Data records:
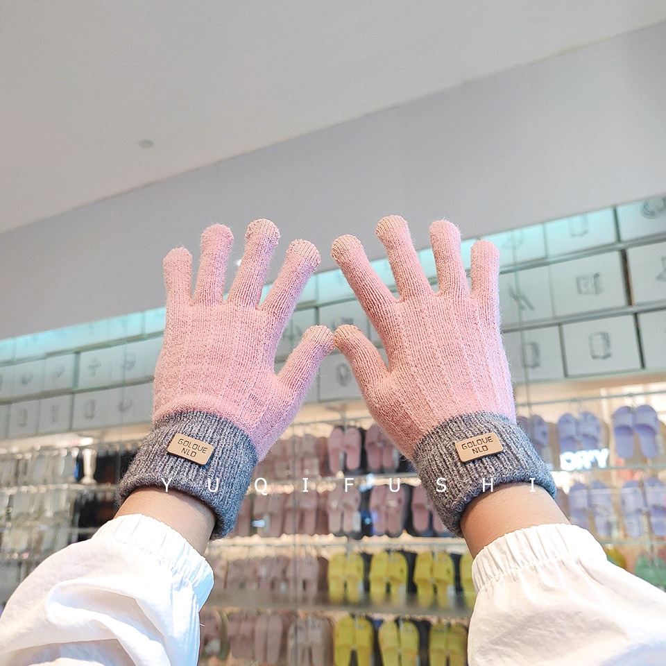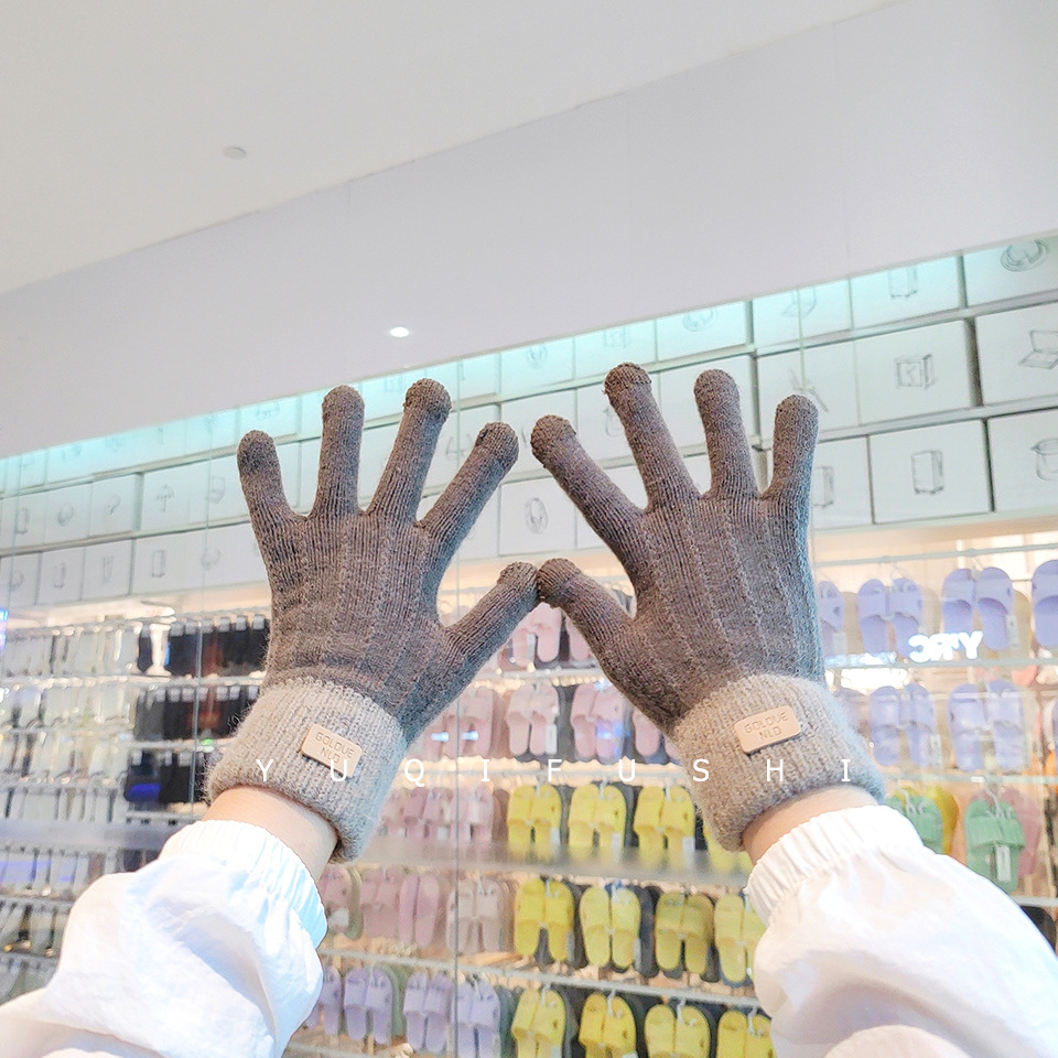 세 손가락 터치 스크린 남자와 여자의 니트 장갑 겨울 따뜻한 바느질 손가락 학생 쓰기 사이클링 두꺼운 기모 손가락 전체 손가락스토어 가기
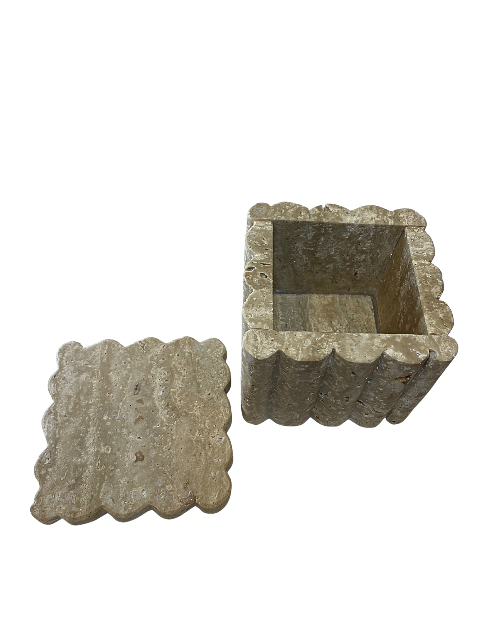 A beautiful, naturally textured travertine box featuring a distinctive scalloped, wave-like body and lid. Perfect for storing jewelry, trinkets, or as a sophisticated decorative accent.
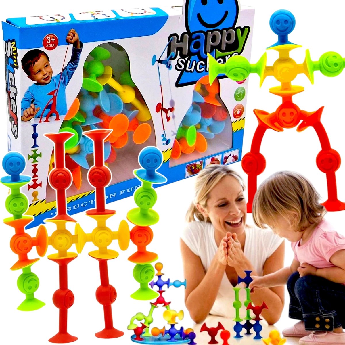 - Funkcje: Giętkie, elastyczne klocki z przyssawkami, możliwość łączenia w dowolny sposób
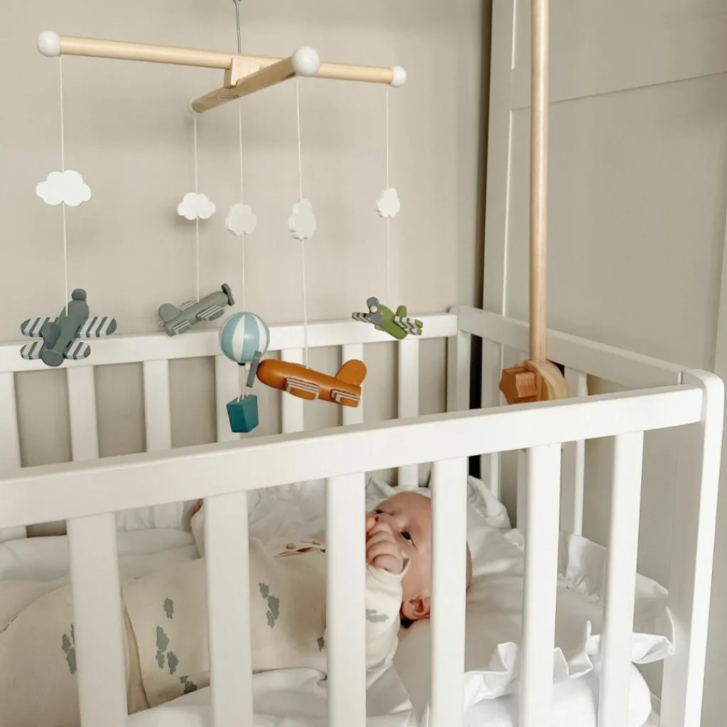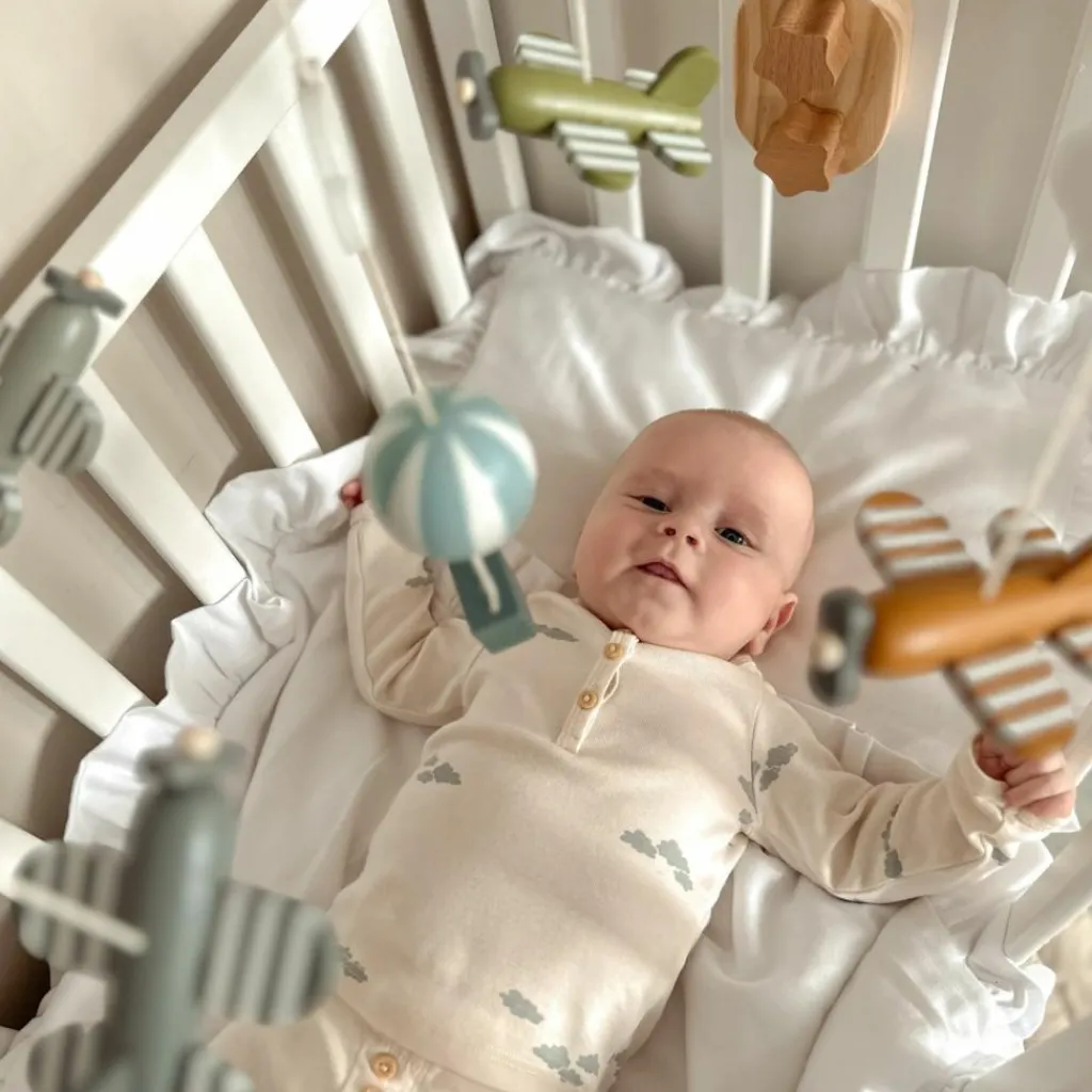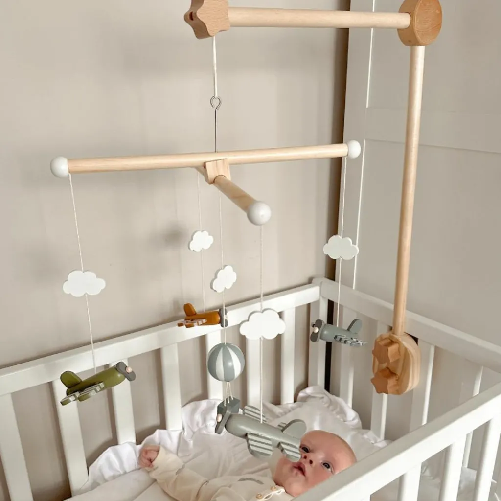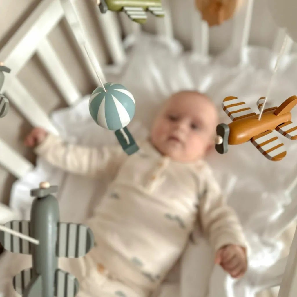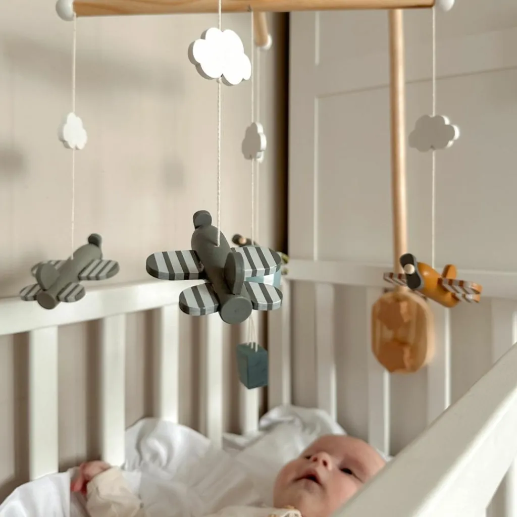 – Mobile en bois décoré de quatre avions colorés, cinq nuages et une montgolfière.
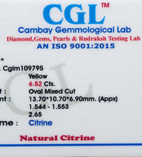 Our **Natural Citrine** is **CGL certified**, ensuring authenticity and superior quality. This **faceted oval-cut Citrine** weighs **6.52 carats (7.17 Ratti)** and radiates a warm golden glow, symbolizing abundance, positivity, and success.
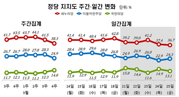여론조사전문기관인 리얼미터가 28일 발표한 지난 21∼25일 전국의 19세 이상 유권자 2522명을 대상으로 실시한 조사(신뢰도 95%, 표본오차 ±2.0%포인트)에 따르면, 이 기간 새누리당의 정당지지도는 38.3%로 전주보다 3.2%p 하락했으며, 더민주도 전주보다 3.4%p 하락한 24.9%를 나타났다.
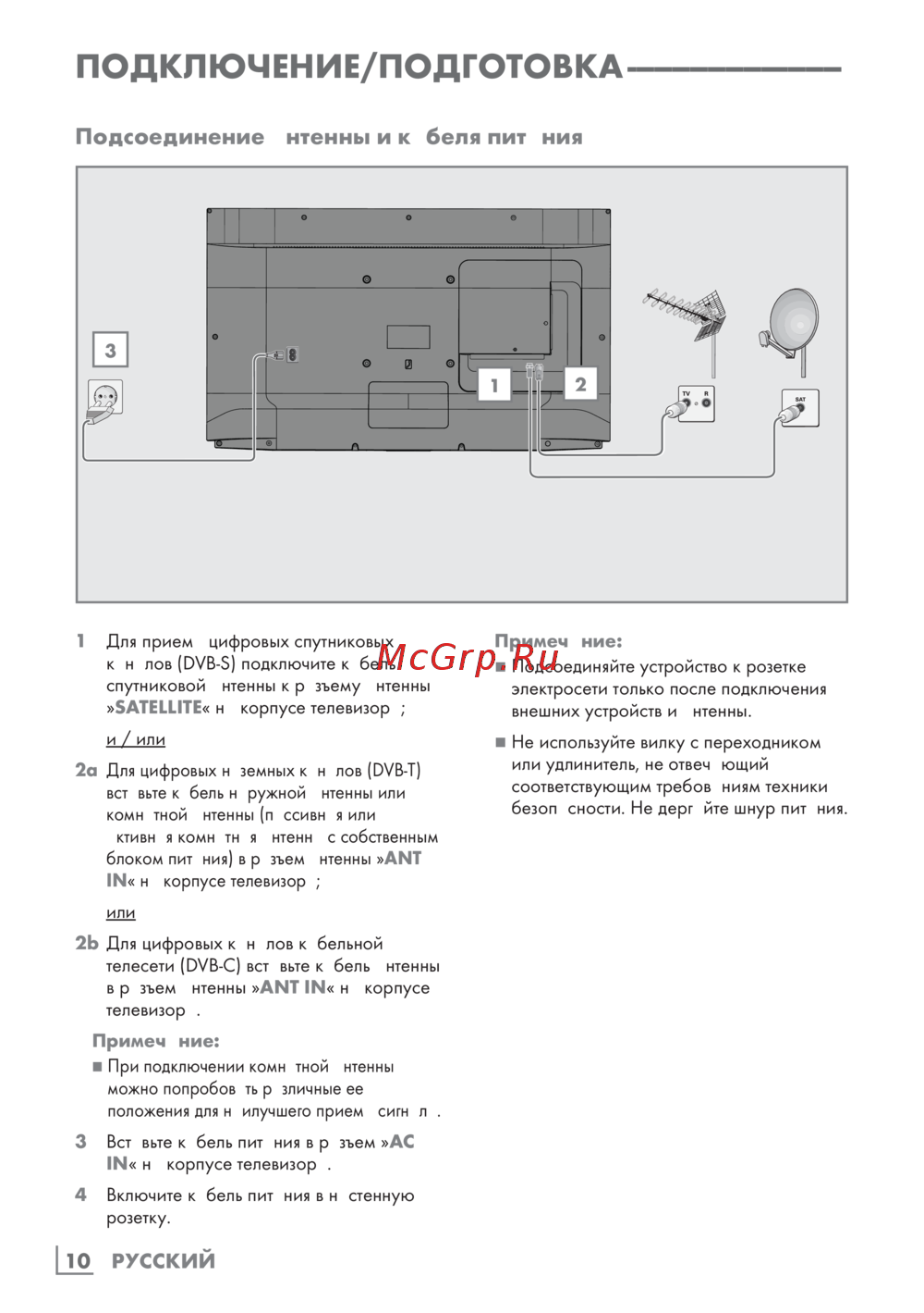 Узнайте, как правильно подключить антенну и кабель питания к телевизору для приема цифровых спутниковых и наземных каналов. Следуйте простым инструкциям.
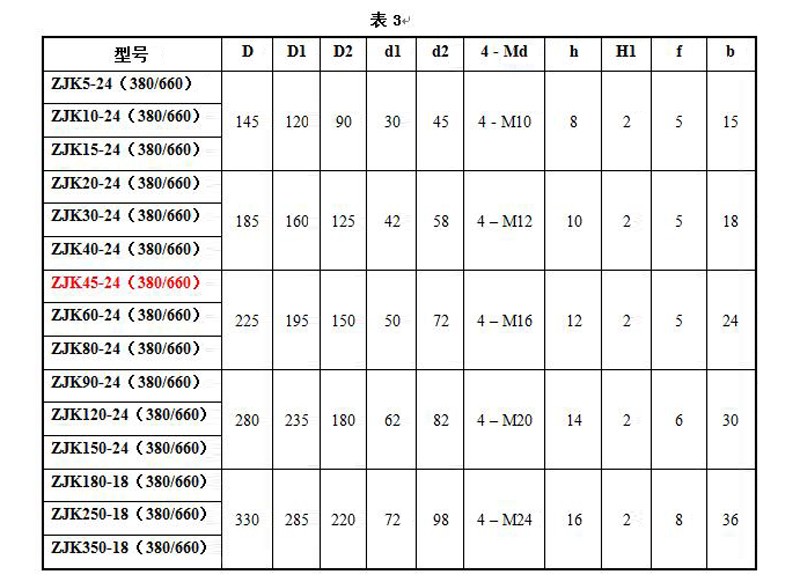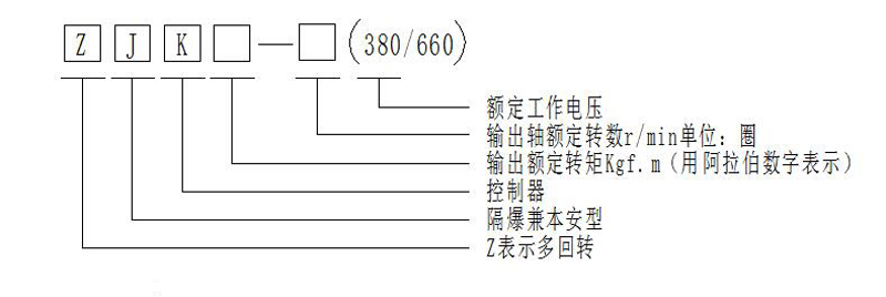 ZJK45/24(660):表示多回轉、隔爆兼本安型、輸出轉矩450N?m(45kgf?m)、輸出轉速24 r/min,額定工作電壓為660或380V的電動裝置。
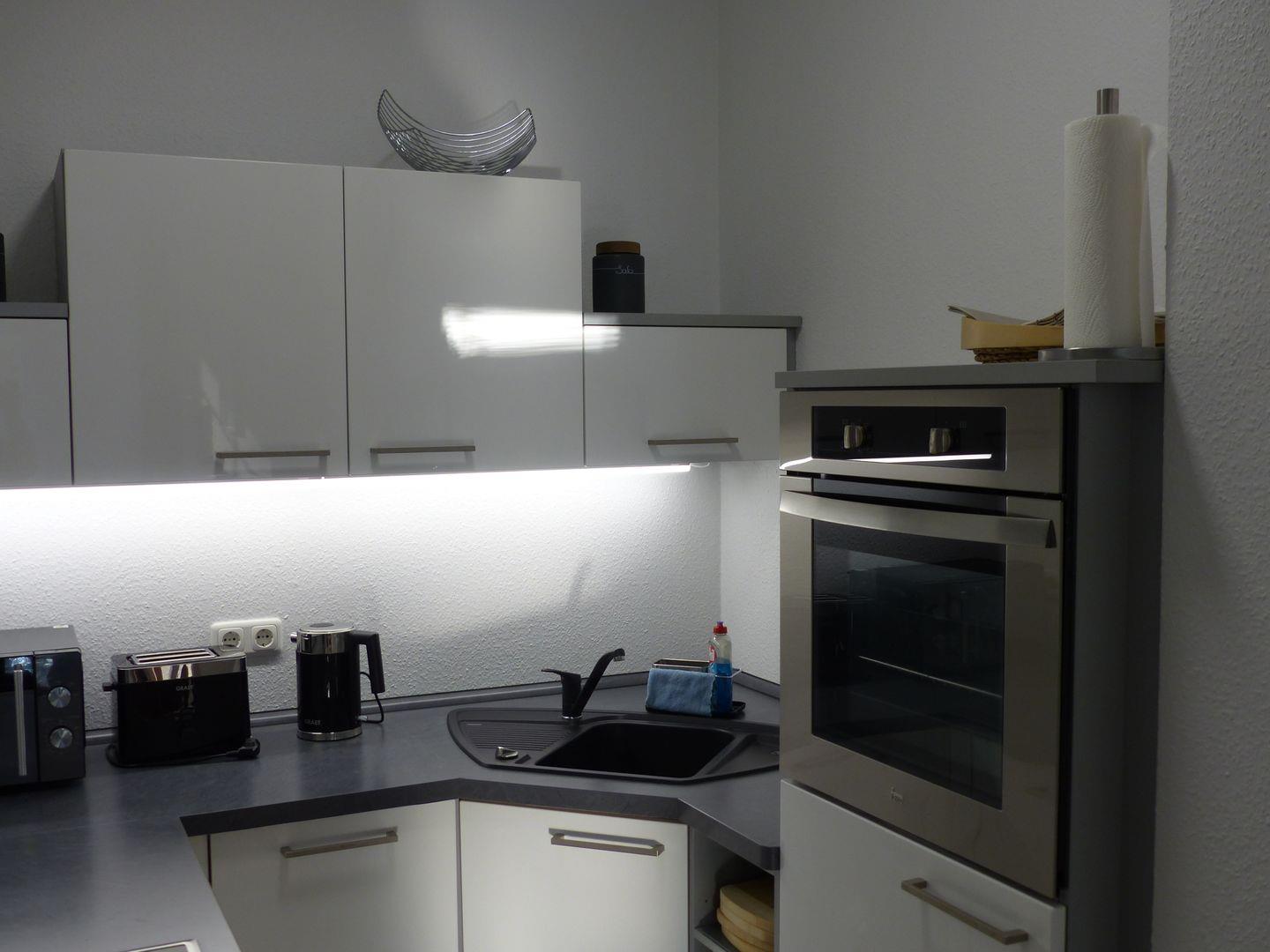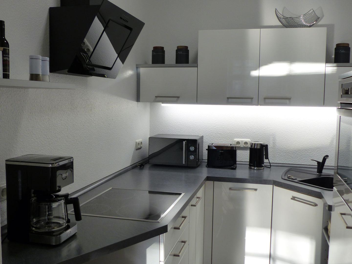 Das großzügige Wohnzimmer mit Essbereich ist ausgestattet mit modernem Flachbildfernseher (55 Zoll), DVD-Player, Stereoanlage und einer bequemen Couch / Sesselkombination. Die halboffene Küche ist mit allen technischen Geräten, wie z.B. Geschirrspüler, Ceranfeld, Backofen, Mikrowelle, Kaffeemaschine, Toaster versehen. Das moderne Duschbad verfügt über eine Waschmaschine.

WORK TO BE COMPLETED:
The records above are to be restated exactly, without their pictures.

EXERCISE RESPONSE:
 세 손가락 터치 스크린 남자와 여자의 니트 장갑 겨울 따뜻한 바느질 손가락 학생 쓰기 사이클링 두꺼운 기모 손가락 전체 손가락스토어 가기
 A beautiful, naturally textured travertine box featuring a distinctive scalloped, wave-like body and lid. Perfect for storing jewelry, trinkets, or as a sophisticated decorative accent.
 - Funkcje: Giętkie, elastyczne klocki z przyssawkami, możliwość łączenia w dowolny sposób
 – Mobile en bois décoré de quatre avions colorés, cinq nuages et une montgolfière.
 Our **Natural Citrine** is **CGL certified**, ensuring authenticity and superior quality. This **faceted oval-cut Citrine** weighs **6.52 carats (7.17 Ratti)** and radiates a warm golden glow, symbolizing abundance, positivity, and success.
여론조사전문기관인 리얼미터가 28일 발표한 지난 21∼25일 전국의 19세 이상 유권자 2522명을 대상으로 실시한 조사(신뢰도 95%, 표본오차 ±2.0%포인트)에 따르면, 이 기간 새누리당의 정당지지도는 38.3%로 전주보다 3.2%p 하락했으며, 더민주도 전주보다 3.4%p 하락한 24.9%를 나타났다.
 Узнайте, как правильно подключить антенну и кабель питания к телевизору для приема цифровых спутниковых и наземных каналов. Следуйте простым инструкциям.
 ZJK45/24(660):表示多回轉、隔爆兼本安型、輸出轉矩450N?m(45kgf?m)、輸出轉速24 r/min,額定工作電壓為660或380V的電動裝置。
 Das großzügige Wohnzimmer mit Essbereich ist ausgestattet mit modernem Flachbildfernseher (55 Zoll), DVD-Player, Stereoanlage und einer bequemen Couch / Sesselkombination. Die halboffene Küche ist mit allen technischen Geräten, wie z.B. Geschirrspüler, Ceranfeld, Backofen, Mikrowelle, Kaffeemaschine, Toaster versehen. Das moderne Duschbad verfügt über eine Waschmaschine.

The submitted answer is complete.